Imposto sobre o vinho ajudou a pagar estradas para Beja e Évora
João VI elogiou o patriotismo dos alcacerenses, reunindo dinheiro para pagar as obras. Uma parceria no mínimo curiosa à luz dos tempos que correm e que, em conjunto com novos impostos, custeou os acessos.
É ponto assente que Alcácer do Sal tem uma localização geográfica estratégica: a porta do Alentejo, por assim dizer. Mas, também é verdade que as ligações por estrada ao interior constituem uma dor de cabeça para as populações e entidades oficiais daquele concelho, pois apresentam periodicamente sinais de desgaste que dificultam a circulação de pessoas e bens. Ora, em 1822, os alcacerenses uniram esforços e dinheiro - no que hoje poderia chamar-se uma parceria público-privada -, para convencer o rei a avançar com a recuperação das estradas e pontes entre Alcácer, Évora e Beja. Sem dúvida uma iniciativa que os governos atuais muito apreciariam.
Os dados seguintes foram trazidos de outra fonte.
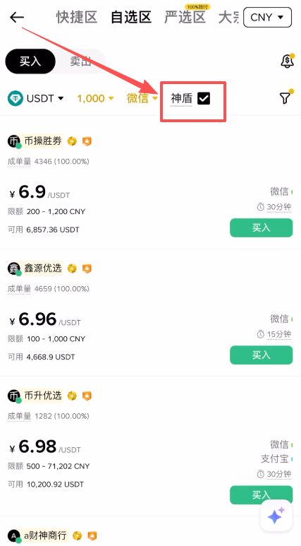 页面上方有四个区域(快捷、自选、严选、大宗),推荐新手直接进入“自选区”**。相比快捷区,自选区能让我们主动筛选优质商家,掌握交易主动权。

João VI, que havia regressado um ano antes do Brasil e tinha mandado averiguar precisamente o que seria necessário fazer-se para conseguir um “fácil e seguro trânsito” nestes percursos, aceitou o desafio e deu indicações para que as obras avançassem, fazendo publicar um anúncio onde elogiava a mobilização alcacerense, que deveria ser vista como um exemplo de “patriotismo” e “bons sentimentos”, tendo a sua demanda merecido a “real aprovação de sua majestade”, como se pode ler no Diário do Governo de então.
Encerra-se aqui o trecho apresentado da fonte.